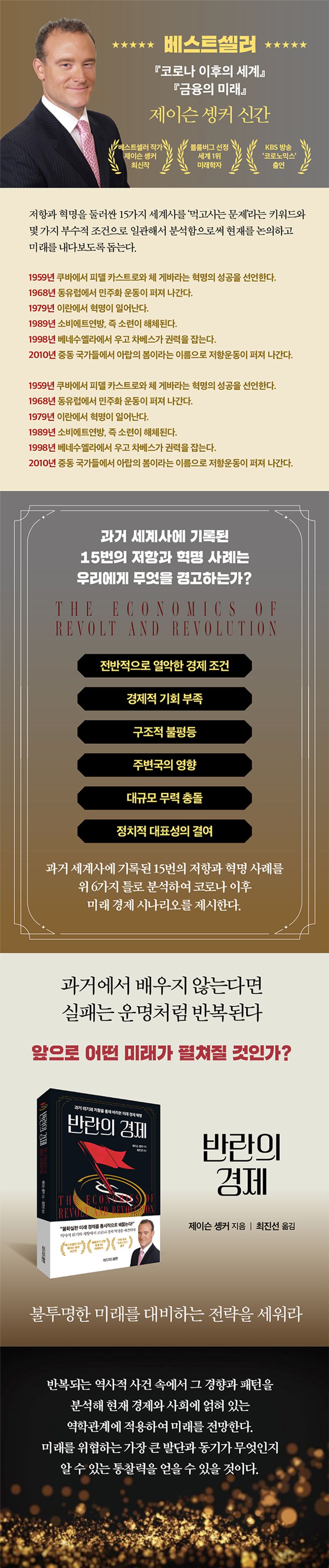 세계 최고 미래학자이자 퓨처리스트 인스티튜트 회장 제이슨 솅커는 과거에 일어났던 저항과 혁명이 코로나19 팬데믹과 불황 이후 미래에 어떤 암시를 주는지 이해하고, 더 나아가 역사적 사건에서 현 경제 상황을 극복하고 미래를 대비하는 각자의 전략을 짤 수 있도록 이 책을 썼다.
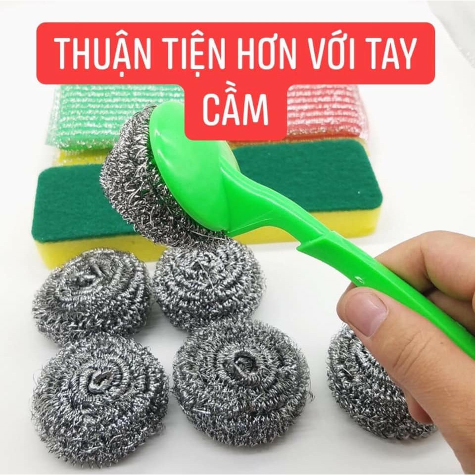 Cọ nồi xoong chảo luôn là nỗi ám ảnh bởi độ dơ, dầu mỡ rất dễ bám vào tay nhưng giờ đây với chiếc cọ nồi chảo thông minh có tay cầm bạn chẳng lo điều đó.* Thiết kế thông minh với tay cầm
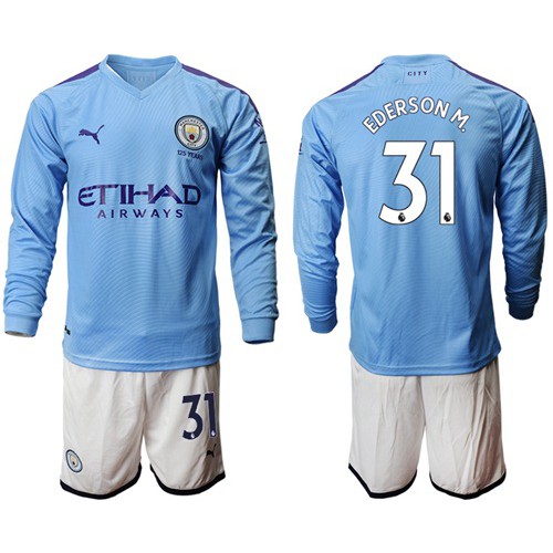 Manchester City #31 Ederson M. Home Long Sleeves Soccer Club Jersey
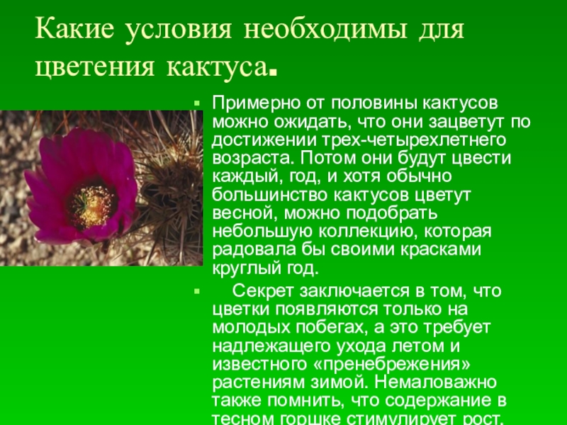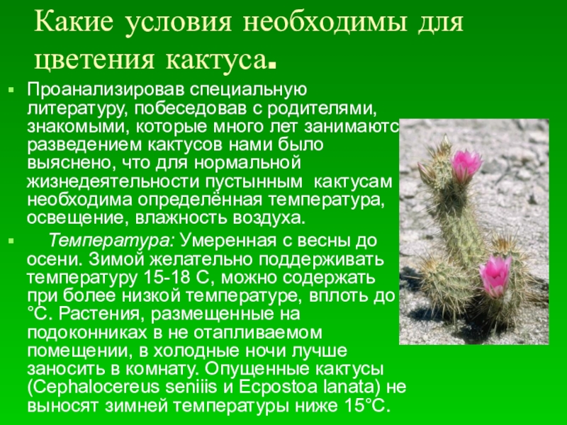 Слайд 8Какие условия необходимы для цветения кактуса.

▬▬▬▬▬▬

### Exercise goal
Copy all the data exactly as written, but skip any picture.

### Finished task
 세계 최고 미래학자이자 퓨처리스트 인스티튜트 회장 제이슨 솅커는 과거에 일어났던 저항과 혁명이 코로나19 팬데믹과 불황 이후 미래에 어떤 암시를 주는지 이해하고, 더 나아가 역사적 사건에서 현 경제 상황을 극복하고 미래를 대비하는 각자의 전략을 짤 수 있도록 이 책을 썼다.
 Cọ nồi xoong chảo luôn là nỗi ám ảnh bởi độ dơ, dầu mỡ rất dễ bám vào tay nhưng giờ đây với chiếc cọ nồi chảo thông minh có tay cầm bạn chẳng lo điều đó.* Thiết kế thông minh với tay cầm
 Manchester City #31 Ederson M. Home Long Sleeves Soccer Club Jersey
 Слайд 8Какие условия необходимы для цветения кактуса.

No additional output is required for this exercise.